WASHINGTON - President Donald Trump's choice to be the next ambassador to India said Tuesday he would make the millions of people reported to be in bonded labor in the South Asian country a “very high priority.”
Lawmakers pressed the nominee, Kenneth Juster, at his Senate confirmation hearing on human rights issues that irritate generally positive relations between the world's two largest democracies.
Democratic Sen. Ben Cardin said it was “unacceptable” that an estimated 18 million people in India are in bonded labor or slavery.
Juster responded that the issue was of “great concern” to both him and the U.S. government.
He said he would seek the “best interlocutors to move this forward” with India, not just in the national government, but at the state and local level and with non-government groups.
Juster said that if confirmed, the U.S. embassy in India, “will take this as a very high priority.” He also called for Indian authorities to regulate foreign NGOs in an “even and transparent way.”
India has often taken umbrage at scrutiny by the U.S. government on issues such as human trafficking and religious freedom, covered in global reports by the State Department. New Delhi has also faced criticism from members of the U.S. Congress for blocking foreign funding for Indian charities and nonprofits.
Despite these niggles, the overall relationship has thrived in the past decade. Trade has multiplied and defense ties have grown. Washington and New Delhi share concerns about China's rise as a military power and in countering Islamic militancy.
Those ties appear set to grow further under Trump. Despite Juster's comments Tuesday, the president is widely seen as less preoccupied with human rights issues than previous presidents. He is, however, determined to reduce the U.S. trade deficit with India which totaled about $30 billion last year.
Juster voiced the administration's concerns about barriers for American companies exporting to India but affirmed the overall importance of relations.
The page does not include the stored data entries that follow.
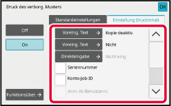 Berühren Sie die Taste [On], und geben Sie die erforderlichen Elemente auf der Registerkarte [Standardeinstellungen] an.
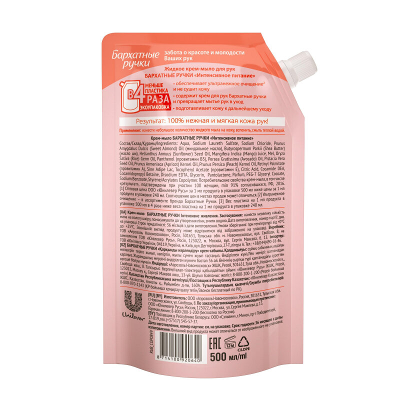 Жидкое крем-мыло Бархатные Ручки Интенсивное питание (запасной блок), 500 мл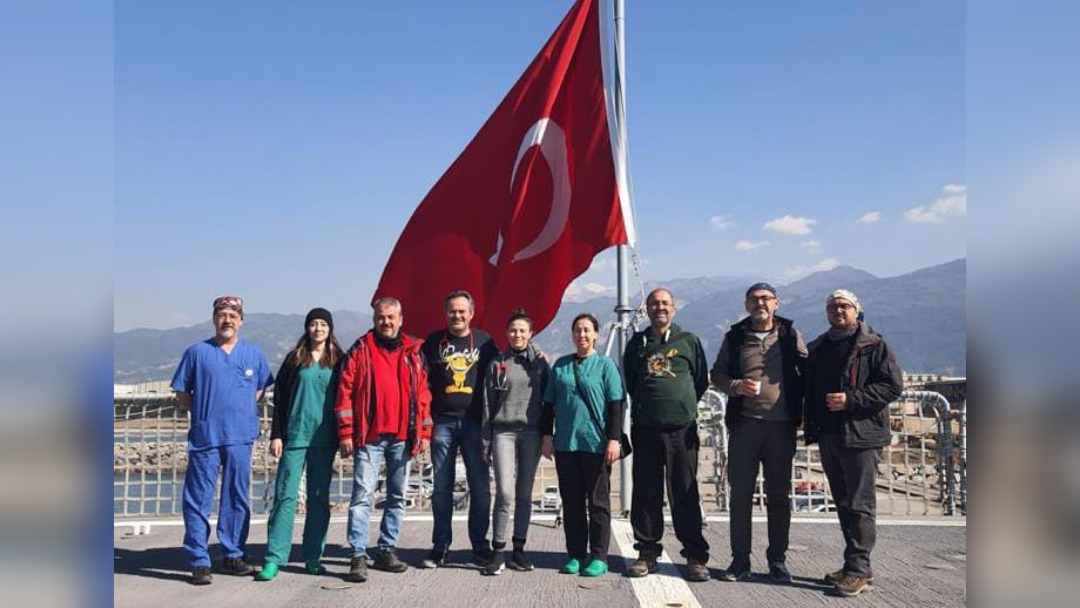 TCG Bayraktar Gemisinin Başhekimi MSKÜ Tıp Fakültesi Acil Tıp Anabilim Dalı Başkanı Prof. Dr. Ethem Acar son durumu şu şekilde özetledi: “7 Şubat 2023 tarihide TCG Bayraktar Gemisi ile Marmaris’ten Hatay’a doğru yola çıktık. Yirmi dört saat süren bir yolculuktan sonra konaklayacağımız limana geldik. Bulunduğumuz bölgede depremden etkilenmiş çok sayıda insan var. Buraya geldiğimiz ilk andan itibaren insanların sağlık ihtiyacı vardı. Evlerinde kalamıyorlardı, çoğu dışarıda kalıyordu. Bu bakımdan biz hem tıbbi tedavilerini gerçekleştirdik hem de başka ihtiyaçlarını da gidermeye çalıştık. Onlara Devlet’in şefkatli ellerini uzatmaya çalıştık. Hep birlikte özveriyle çalışmaya devam ediyoruz. Yorgun olmakla birlikte huzurluyuz, vazifemizi yaptığımızı düşünüyoruz.”

He said that the administration “views India as a leading power and a true friend” whose role in international security and economic growth will be “critical” in the 21st century.
Juster served as undersecretary of commerce in the George W. Bush administration, where he promoted ties with India including a landmark civil nuclear deal. Under Trump, he served for several months as deputy director of the National Economic Council. Prior to that, he was managing director at the global investment firm Warburg Pincus.
Juster's appointment must be approved by the full Senate. The U.S. ambassadorship in New Delhi has been vacant since Trump took office in January.